Among the entries that follow, the required portion opens with the line containing "앞서 현대상선은 내년" and closes with the line containing "Vefatının 107. sene-i". Give that portion again exactly, and nothing else.
Provided data: Begin
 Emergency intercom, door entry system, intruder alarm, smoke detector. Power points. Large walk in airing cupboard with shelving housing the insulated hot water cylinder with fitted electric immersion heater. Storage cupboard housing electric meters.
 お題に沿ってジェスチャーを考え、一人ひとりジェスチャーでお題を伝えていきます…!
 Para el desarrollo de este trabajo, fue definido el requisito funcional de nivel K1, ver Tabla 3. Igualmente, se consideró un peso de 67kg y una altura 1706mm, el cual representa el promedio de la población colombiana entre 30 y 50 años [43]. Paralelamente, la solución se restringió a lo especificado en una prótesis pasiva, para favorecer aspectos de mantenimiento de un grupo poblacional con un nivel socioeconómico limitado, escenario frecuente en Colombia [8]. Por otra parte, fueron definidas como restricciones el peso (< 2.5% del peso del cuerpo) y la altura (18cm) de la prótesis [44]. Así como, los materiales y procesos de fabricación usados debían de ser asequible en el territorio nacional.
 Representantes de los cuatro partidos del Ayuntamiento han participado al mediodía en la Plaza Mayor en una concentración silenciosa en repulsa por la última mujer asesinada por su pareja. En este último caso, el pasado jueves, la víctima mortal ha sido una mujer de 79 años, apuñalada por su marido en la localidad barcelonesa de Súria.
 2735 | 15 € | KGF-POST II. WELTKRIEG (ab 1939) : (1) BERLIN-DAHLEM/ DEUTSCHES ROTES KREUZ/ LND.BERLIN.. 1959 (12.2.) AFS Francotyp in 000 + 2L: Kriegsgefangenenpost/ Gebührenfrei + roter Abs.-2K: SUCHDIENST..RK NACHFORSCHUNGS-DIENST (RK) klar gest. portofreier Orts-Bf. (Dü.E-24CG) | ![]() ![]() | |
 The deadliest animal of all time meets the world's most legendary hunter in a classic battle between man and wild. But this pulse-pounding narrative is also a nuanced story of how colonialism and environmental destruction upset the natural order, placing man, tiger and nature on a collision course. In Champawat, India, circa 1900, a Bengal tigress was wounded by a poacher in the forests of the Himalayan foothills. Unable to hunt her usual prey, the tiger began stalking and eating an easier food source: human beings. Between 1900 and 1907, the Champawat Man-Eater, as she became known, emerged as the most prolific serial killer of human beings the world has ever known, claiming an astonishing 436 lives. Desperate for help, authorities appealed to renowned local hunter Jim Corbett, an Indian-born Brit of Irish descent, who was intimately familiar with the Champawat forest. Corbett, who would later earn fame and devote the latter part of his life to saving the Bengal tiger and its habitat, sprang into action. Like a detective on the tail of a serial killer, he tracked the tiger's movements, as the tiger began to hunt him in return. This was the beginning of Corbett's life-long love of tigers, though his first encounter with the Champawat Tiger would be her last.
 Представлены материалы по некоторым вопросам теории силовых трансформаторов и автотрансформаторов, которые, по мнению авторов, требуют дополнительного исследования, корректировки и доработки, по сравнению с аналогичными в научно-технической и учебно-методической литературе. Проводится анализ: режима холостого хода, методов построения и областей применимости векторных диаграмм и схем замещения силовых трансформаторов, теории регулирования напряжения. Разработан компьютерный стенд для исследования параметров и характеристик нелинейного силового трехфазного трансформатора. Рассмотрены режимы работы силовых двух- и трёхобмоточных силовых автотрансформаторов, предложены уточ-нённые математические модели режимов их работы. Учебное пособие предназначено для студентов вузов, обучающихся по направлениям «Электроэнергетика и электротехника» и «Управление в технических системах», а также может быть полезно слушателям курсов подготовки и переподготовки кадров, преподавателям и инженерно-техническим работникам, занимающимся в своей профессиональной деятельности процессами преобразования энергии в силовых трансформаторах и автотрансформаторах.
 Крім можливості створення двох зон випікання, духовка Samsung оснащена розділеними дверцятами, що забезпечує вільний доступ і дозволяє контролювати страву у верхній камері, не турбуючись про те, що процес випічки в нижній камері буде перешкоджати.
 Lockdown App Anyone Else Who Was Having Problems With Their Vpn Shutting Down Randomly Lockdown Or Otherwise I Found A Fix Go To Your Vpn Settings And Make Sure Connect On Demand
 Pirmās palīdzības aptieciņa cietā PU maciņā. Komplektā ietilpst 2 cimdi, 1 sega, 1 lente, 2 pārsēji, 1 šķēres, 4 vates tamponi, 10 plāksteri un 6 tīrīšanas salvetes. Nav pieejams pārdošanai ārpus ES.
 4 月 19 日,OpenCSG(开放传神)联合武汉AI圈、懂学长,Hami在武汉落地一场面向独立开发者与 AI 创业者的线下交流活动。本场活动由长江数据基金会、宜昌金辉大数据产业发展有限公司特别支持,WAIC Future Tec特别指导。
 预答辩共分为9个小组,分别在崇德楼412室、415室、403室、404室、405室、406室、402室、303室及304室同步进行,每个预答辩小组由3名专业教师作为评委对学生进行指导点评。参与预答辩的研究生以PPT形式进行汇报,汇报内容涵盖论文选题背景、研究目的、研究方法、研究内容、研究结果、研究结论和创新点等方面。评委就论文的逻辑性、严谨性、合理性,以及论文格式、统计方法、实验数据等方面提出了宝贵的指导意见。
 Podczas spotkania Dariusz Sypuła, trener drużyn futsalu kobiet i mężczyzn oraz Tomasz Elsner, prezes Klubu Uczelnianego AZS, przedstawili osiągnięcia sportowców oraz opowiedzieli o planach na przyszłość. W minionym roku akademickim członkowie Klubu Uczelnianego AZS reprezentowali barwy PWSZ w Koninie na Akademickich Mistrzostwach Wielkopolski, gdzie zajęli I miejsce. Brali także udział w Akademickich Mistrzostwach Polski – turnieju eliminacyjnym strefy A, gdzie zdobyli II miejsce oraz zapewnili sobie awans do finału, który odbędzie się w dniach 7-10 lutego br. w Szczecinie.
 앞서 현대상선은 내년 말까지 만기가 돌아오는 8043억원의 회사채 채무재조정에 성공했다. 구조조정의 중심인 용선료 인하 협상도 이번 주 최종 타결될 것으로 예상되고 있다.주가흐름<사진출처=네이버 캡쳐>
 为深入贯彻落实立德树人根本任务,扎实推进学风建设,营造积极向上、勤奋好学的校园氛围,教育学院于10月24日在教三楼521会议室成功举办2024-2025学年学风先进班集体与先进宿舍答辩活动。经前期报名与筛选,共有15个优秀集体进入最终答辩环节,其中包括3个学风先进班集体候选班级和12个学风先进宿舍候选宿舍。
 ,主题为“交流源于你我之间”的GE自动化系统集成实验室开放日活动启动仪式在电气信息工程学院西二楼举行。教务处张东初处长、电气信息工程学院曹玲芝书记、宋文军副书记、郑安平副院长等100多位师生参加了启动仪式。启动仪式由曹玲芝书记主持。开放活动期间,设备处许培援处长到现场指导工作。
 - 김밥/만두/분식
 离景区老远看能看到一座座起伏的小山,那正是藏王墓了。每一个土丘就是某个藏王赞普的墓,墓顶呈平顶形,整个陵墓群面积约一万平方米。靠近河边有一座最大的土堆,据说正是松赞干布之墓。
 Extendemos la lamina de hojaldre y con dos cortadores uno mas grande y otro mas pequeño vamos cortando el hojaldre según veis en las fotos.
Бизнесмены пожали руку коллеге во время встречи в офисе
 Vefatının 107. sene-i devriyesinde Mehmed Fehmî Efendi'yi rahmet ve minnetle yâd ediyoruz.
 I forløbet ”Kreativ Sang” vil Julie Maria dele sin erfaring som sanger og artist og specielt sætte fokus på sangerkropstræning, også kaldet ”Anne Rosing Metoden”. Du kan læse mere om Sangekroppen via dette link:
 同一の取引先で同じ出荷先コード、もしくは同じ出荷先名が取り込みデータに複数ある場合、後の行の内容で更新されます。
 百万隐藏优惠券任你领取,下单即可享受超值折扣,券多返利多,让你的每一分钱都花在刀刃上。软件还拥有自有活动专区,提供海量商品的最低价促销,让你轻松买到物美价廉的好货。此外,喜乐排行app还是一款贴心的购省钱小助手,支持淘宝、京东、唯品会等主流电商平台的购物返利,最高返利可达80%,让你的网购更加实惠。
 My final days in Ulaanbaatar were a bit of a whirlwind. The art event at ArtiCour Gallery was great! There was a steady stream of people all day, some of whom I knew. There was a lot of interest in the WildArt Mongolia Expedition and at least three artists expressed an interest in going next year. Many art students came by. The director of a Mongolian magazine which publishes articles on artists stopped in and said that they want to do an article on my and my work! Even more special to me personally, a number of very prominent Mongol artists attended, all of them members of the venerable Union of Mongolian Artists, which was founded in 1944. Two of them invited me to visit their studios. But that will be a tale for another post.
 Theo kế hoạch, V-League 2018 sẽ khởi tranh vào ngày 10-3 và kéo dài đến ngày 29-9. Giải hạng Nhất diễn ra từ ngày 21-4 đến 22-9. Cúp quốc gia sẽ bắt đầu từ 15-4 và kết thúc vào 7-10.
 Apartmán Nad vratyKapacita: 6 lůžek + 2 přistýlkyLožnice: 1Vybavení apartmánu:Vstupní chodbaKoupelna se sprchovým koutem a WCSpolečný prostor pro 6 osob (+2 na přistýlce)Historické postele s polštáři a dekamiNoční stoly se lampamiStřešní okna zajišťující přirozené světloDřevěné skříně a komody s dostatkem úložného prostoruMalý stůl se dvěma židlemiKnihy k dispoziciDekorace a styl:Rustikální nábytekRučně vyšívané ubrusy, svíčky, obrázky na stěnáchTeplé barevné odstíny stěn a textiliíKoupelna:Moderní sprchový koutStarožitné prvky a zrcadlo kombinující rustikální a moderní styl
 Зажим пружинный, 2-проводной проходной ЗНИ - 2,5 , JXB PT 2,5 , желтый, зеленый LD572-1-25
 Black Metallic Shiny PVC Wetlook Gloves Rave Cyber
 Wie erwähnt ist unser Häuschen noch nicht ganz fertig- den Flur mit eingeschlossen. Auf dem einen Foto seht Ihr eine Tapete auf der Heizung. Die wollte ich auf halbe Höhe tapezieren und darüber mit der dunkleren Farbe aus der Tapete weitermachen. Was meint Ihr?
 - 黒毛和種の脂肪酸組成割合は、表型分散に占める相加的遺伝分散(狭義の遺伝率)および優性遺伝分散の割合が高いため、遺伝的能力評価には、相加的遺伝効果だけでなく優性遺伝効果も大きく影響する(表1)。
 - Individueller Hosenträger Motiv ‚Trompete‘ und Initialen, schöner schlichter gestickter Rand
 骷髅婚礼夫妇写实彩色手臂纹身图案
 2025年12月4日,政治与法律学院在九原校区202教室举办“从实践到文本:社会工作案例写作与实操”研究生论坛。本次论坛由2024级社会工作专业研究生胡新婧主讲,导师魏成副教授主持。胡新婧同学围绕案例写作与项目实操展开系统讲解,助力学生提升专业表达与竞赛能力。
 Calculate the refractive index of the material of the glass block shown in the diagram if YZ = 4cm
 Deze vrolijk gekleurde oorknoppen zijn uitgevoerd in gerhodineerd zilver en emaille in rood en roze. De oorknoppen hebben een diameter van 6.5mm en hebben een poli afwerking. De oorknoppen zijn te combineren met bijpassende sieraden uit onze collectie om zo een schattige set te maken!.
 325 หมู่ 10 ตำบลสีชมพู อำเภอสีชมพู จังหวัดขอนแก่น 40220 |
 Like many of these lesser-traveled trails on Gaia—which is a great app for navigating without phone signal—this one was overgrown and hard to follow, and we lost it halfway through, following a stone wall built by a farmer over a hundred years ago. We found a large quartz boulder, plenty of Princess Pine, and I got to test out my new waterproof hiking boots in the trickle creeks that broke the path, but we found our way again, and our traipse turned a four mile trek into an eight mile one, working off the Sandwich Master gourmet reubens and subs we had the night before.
Provided data: End
Response for this exercise:
 앞서 현대상선은 내년 말까지 만기가 돌아오는 8043억원의 회사채 채무재조정에 성공했다. 구조조정의 중심인 용선료 인하 협상도 이번 주 최종 타결될 것으로 예상되고 있다.주가흐름<사진출처=네이버 캡쳐>
 为深入贯彻落实立德树人根本任务,扎实推进学风建设,营造积极向上、勤奋好学的校园氛围,教育学院于10月24日在教三楼521会议室成功举办2024-2025学年学风先进班集体与先进宿舍答辩活动。经前期报名与筛选,共有15个优秀集体进入最终答辩环节,其中包括3个学风先进班集体候选班级和12个学风先进宿舍候选宿舍。
 ,主题为“交流源于你我之间”的GE自动化系统集成实验室开放日活动启动仪式在电气信息工程学院西二楼举行。教务处张东初处长、电气信息工程学院曹玲芝书记、宋文军副书记、郑安平副院长等100多位师生参加了启动仪式。启动仪式由曹玲芝书记主持。开放活动期间,设备处许培援处长到现场指导工作。
 - 김밥/만두/분식
 离景区老远看能看到一座座起伏的小山,那正是藏王墓了。每一个土丘就是某个藏王赞普的墓,墓顶呈平顶形,整个陵墓群面积约一万平方米。靠近河边有一座最大的土堆,据说正是松赞干布之墓。
 Extendemos la lamina de hojaldre y con dos cortadores uno mas grande y otro mas pequeño vamos cortando el hojaldre según veis en las fotos.
Бизнесмены пожали руку коллеге во время встречи в офисе
 Vefatının 107. sene-i devriyesinde Mehmed Fehmî Efendi'yi rahmet ve minnetle yâd ediyoruz.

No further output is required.